Boys track and field team continues tradition

Dominance continues with another ICC championship in 2016


Manning Photography

Success on the oval continues for B-A boys.

Jarrett Taneyhill, Staff Writer

The Bellwood-Antis boys’ track and field team has concluded another regular season, this year with 12 wins and 3 losses, and an ICC title.

This is the first time the track team has had three losses since 2001, so some may consider this a down year for the team.

This “down year” for the track and field team is a year that some schools can only imagine having. Before this season, the team had only lost seven times in the last decade, with undefeated seasons in 2008, 2010, 2011, 2012, and 2013.

With that in mind, it is important to realize that the expectations for the team is set very high each year.

“I think with all of the success we’ve had sometimes makes people make a big deal out of when we do lose, but look at the teams we lost to. We lost to Tyrone who is undefeated and the Mountain League champions,” explained Coach Nick Lovrich.  “We lost to Bedford, who probably has a great shot at being District 5 champions, and we lost to Hollidaysburg who is a AAAA school on a tie breaker.  So even though we have 3 losses everything was still pretty successful throughout the season and it is one of those learning experiences for us and something that will make us strive to get a little bit better.”

Every time we start the season our first goal is to win the ICC Championship, and when you can reach that goal it feels good.

— Coach Lovrich

Statistically, the boys’ track and field team is the most dominant sports program in Bellwood with 12 District 6 Championships, more than any other sport. To compare track with some of the more popular Bellwood-Antis sports, football has won six D-6 titles, boys and girls basketball have both won D-6 four times, baseball has won the title three times, and softball has two D-6 championships.

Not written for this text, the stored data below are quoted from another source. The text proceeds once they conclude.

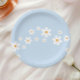 Baby in Bloom! Retro inspirierte tagelange Baby Dusche Teller mit 70er Jahren Stil Gänseessen und boho Schriftart und Farben.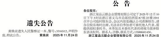 浙江星品云联企业管理有限公司定于2025年12月10日下午3时在浙江省义乌市总部经济园A7栋22楼2201召开公司临时股东会,会议内容是确认公司清算报告,请各位股东准时出席,无法亲自参加者可委托他人代表,需提供授权委托书。未参加且未委托代表的将视为放弃股东表决权利。联系人:许静,联系方式:13588681430。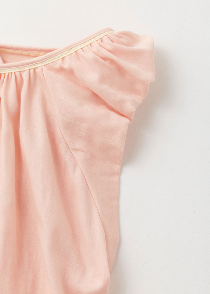 肩にあしらわれたギャザーとバックリボンが、どこか懐かしくて新しい愛らしさを演出します。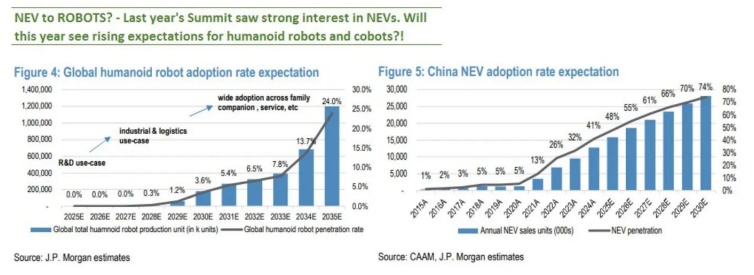 下图:从新能源汽车到机器人?去年的峰会对新能源汽车表现出浓厚兴趣,今年是否会对人形机器人和协作机器人(Cobots)的预期上升?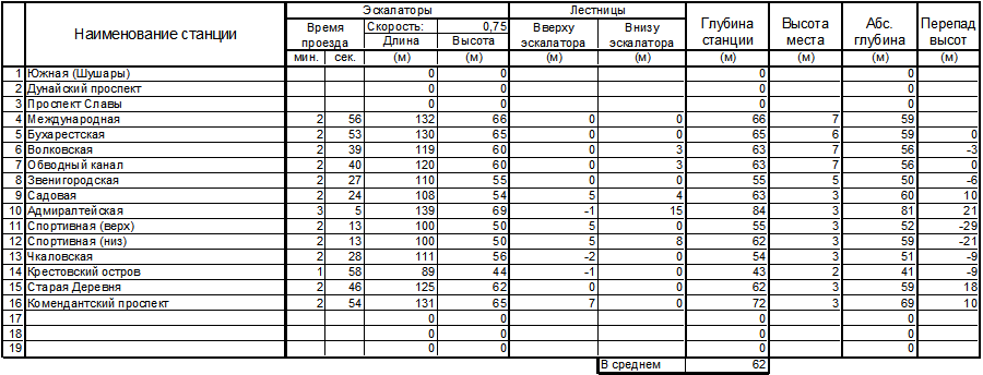 Из полученных результатов меня удивила глубина Бухарестской и Международной - с учётом ожидаемого подъёма линии на южном направлении я рассчитывал получить где-то 50-55 м. Причём и "Проспект Славы", судя по публикуемым здесь сведениям, тоже будет с глубиной 55-60 м.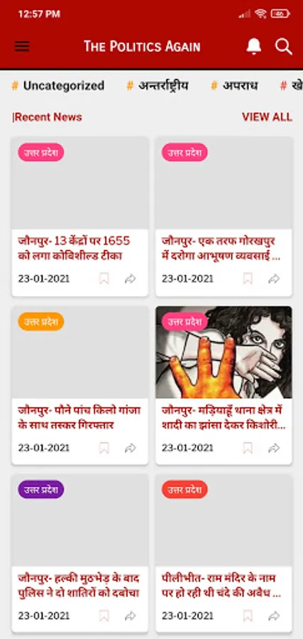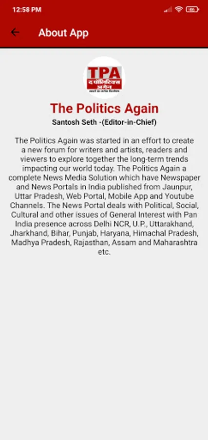 Get Latest and Breaking News in Hindi at your fingertips. The Politics Again Mobile News App provides latest Hindi News, breaking news from India and World about current affairs, Sports, Business, Entertainment, Bollywood, Hollywood and much more. You will also get video news content, photo news etc. Download to experience ! The Politics Again's Mobile News App is India's No.1 Hindi News Portal and Online News. So, install this app and Stay updated with breaking news & daily News Headlines on Politics, Business, Technology, Science, Health, Travel, Bollywood, Sports & much more for India & World. From anywhere, anytime!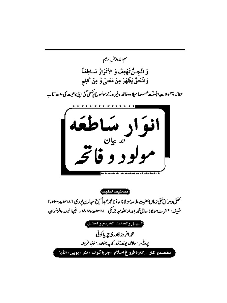 Anwar E Satia Dar Bayan E Molood O Fatiha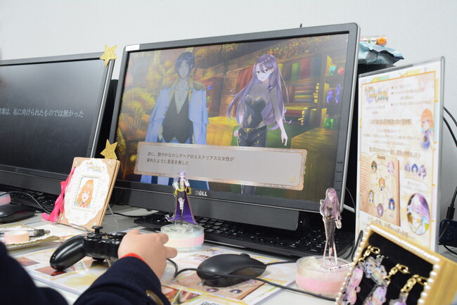 ゲーム系の3学科とキャラクターデザイン学科の学生でチームを組み、一つのゲームをつくり上げる共同制作。その作品を自由にプレイできるブースを設置していました。キャラクターの声は声優学科の学生が担当しています。中には、ゲームだけでなく、キーホルダーやアクリルスタンドなど、オリジナルグッズを作っているチームも。さらに別の教室では、企業の方をお招きし、1年生が初めて本格的に開発したゲーム作品の講評会を行いました。

However, none of the mentioned teams have been able to be as continuously successful as the boys’ track and field team.

Besides that, since 2002 the team has only lost the ICC Championship 1 time. This includes a 12-year streak of the team winning the title.

“It’s a great accomplishment. It’s a great league there is always people who are medalists at the state track meet, and who are district champions from district 5 or district 6,” said Coach Lovrich. “It is always been a big goal of ours. Every time we start the season our first goal is to win the ICC Championship, and when you can reach that goal it feels good.”

It is important to realize that all of this success comes from hard work and dedication, and Coach Lovrich demands just that. In his 16 years of coaching the team, he has never had a losing season. His career record as the coach is 209-19-2.  On top of this, Coach Lovrich has coached his team to 4 of the 12 District 6 Championships in just 16 years.

“Whenever you have 12 to 15 seniors, they kind of pass the tradition of hard work down to the next grade, and it just keeps going down. We’ve been lucky that the guys all buy into the message that we want to work hard and succeed as a team,” said Coach Lovrich.

“Coach Lovrich is a mentor to all of us and always is reminding us that if we work hard success will come,” said senior Noah D’Angelo.

The hard work that the athletes put in can also lead to competing in track and field at the next level. Nine total athletes have competed at the collegiate level after having Coach Lovrich, including Brian Leap, a triple jumper for Penn State University.  Leap was recently named the Big Ten Athlete of the Week and is No. 3 in the NCAA.

He explained why Coach Lovrich was a big help to him in high school, and even in college.

There were a lot of things that we did in high school that carried over directly, which is crucial as an incoming student-athlete.

— Brian Leap

“Coach Lovrich actually played a vital role in my high school track career. Since he writes all of the workouts and practice regimens for all events, he provided the building blocks to learn and grow through my events and develop as an athlete.

“He was also very supportive and still is to this day. Thanks to his training, my transition into college athletics was easier for me than some of my other freshman counterparts. There were a lot of things that we did in high school that carried over directly, which is crucial as an incoming student-athlete. I can’t thank Coach Lovrich enough for everything he has done. Without him, I surely wouldn’t be where I am today,” said Leap

Coach Lovrich was also a help to Brian when he was deciding whether or not to go to Penn State.

“It’s really been such a blessing to succeed a higher level. I remember conversations with Coach Lovrich my senior year as to whether or not I was even good enough to walk on to the program at Penn State,” he said. “He urged me to reach out to them, and he put me in contact with the right people.

“As a freshman with my tail between my legs, I wondered if I would ever break the 50 foot barrier and be able to compete amongst some of the best in the Big Ten, yet alone the country. Throughout my incredible experience here, I have learned how important it is to be patient in your pursuits, and simply trust the process,” explained Leap.

Don’t expect the success of the team to end anytime soon. Current track and field athletes are aware of the track and field tradition and want to keep it alive.

“We are all very aware of the tradition, and it is our main goal to keep it going. We don’t want the success to end while we are the ones competing. I think that the tradition makes everyone work harder,” said junior Nate Friedenberger.